Probably most people, and even you, don’t associate vegetation with the Sahara Desert though exceptions like oases and riverine environments, such as that of the Niger River and the Lower Nile, might come to mind. Timbuktu is not a place with lush vegetation today, and its population has dwindled under the same kind of desertification that has taken its toll on plant density in northern Africa over the past 5,000 years.
Landscapes change all the time and have always undergone change. Such change is sometimes slow. You and I are not going to outlive the desert nature of the Sahara. But question not: The land will once again become green. Within our short lifetimes, we can sense that there is some physical stability on the planet all the while we understand that variability is the product of ongoing geomorphological and climate processes. Vast thick sheets of ice no longer cover Canada and northern United States; all that ice has returned as water to the seas.
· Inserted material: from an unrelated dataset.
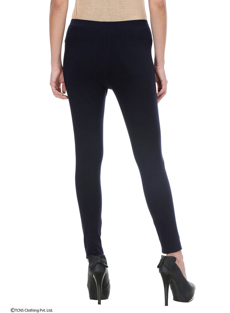 Blue Solid Skinny-fit Knit Tights with Elasticated Waistband

The change in the landscapes of North America coincided with the greening of the Sahara. Earth runs its own compensation scheme: The Sahara was green, but Canada and northern USA weren’t; then green left the Sahara as North America greened. Take something from here and put it there; circulate the waters of the oceans and the gases of the atmosphere. We could almost convince ourselves that all this change evidences teleology with regard to our planet. But there’s really no proof of a purposed end. Earth changes because, well, it’s Earth, a dynamic planet. We don’t need to struggle to find a purpose. Without offending our belief systems, we can accept that change does occur: it might be purposeless or it might be purposeful. If we want to see a purpose, we have that prerogative. I think it might be better to accept that all change, physical as well as social, is inevitable and that even when we believe the world is static, it isn’t.
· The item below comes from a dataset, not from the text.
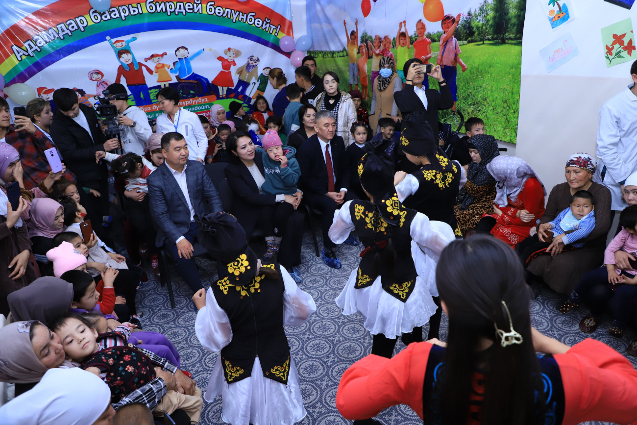 Гости стали свидетелями детских выступлений - песен и танцев, ознакомились с конкурсом детских рисунков. Каждый ребенок получил сладости, подарки,учебные пособия, книжки, а руководитель учреждения - сертификат на 20 тысяч сомов.

I’m wondering whether you, like the continents and their generations of inhabitants, might have undergone either a desertification or a melting, a drying up of resources and a dwindling population of those who once seemed to be friends in abundance or a melting away of what at one time seemed a stable, though frigid, environment. Time and space do that to friendships and, if I may coin, “strangeships.” I’m also wondering whether or not you believe that somehow you or those missing friends are to blame or that somehow some unseen driver is at work against you, changing the landscape of your life with malicious intent.
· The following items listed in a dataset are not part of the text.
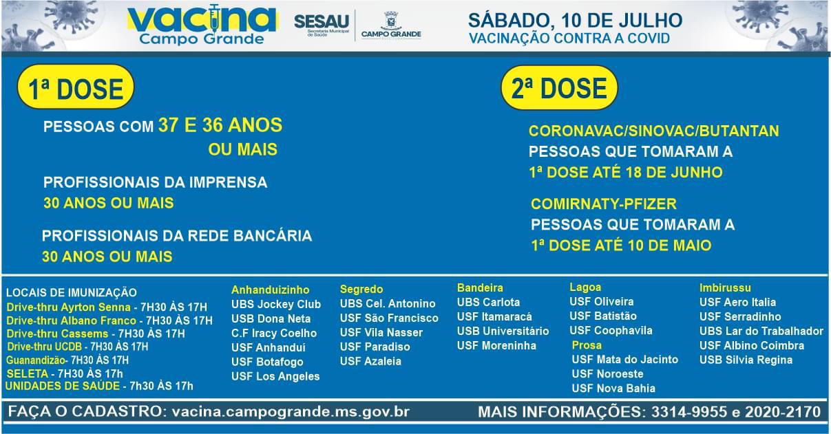 Neste sábado (10), a Prefeitura de Campo Grande vacina pessoas com com 36 anos ou mais e profissionais da imprensa e rede bancária. A segunda dose da Coronavac e Pfizer também estão sendo aplicadas. Quem precisar tomar o imunizante da AstraZeneca, deve aguardar uma nova remessa de vacina. De acordo com a Secretaria Municipal de Saúde (Sesau), é preciso aguardar o recebimento para reabertura do calendário de segunda dose da AstraZeneca.
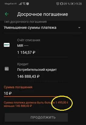 UPD: пока дописывала статью, вспомнила, что всё-таки внесла ЧДП в сумме 11 тысяч, и сумма кредита стала меньше. Возможно, минимальная сумма для ЧДП зависит от суммы кредита, но это не точно...
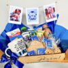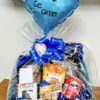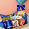 A cesta irá arrumadinha e com laço.
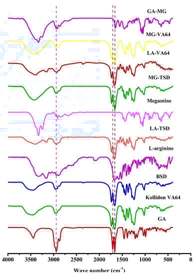As shown in Figure 8a,b, the peak near 3339 cm−1 is due to the N-H tensile vibration of the primary amine group in LA [], which is located at 3280 cm−1 in the LA-VA extrudate. The band at 3330 cm−1 corresponds to the secondary amine group in MG [], which vanished from the curve of the MG-VA extrudate. In addition, the absorption peak of Kollidon® VA64 at 3481 cm−1 was shifted to 3423 cm−1. A wide range of wavenumber shifts indicate that an ionic hydrogen bond formed between the alkalizers and Kollidon® VA64, with the (-NH2/-NH-) group protonated to (-NH3+/-NH2+-) [,,]. The protonated amino group in alkalizers is the hydrogen donor [,], while the C=O group of pyrrolidone in Kollidon® VA64 is a stronger hydrogen bond acceptor than the acetic acid group [,].

Neither Green Sahara nor continental glacier lasts, and lands once covered in vegetation can become quite barren just as lands once frozen can become lushly vegetated. Individuals do not experience changes that occur over thousands of years, but generations do. Imagine the Neolithic inhabitants of the Green Sahara, slowly by generations facing a slightly different landscape from that of their ancestors and deciding to move little bit by little bit. They had no choice but to walk toward a new green.
The landscape of friendships always changes on a dynamic planet, but that fact doesn’t prohibit any of us from taking a walk toward a different social environment. Since so many changes are gradual, we usually don’t have to walk far to recapture some semblance of a former, greener world, but we do have to walk.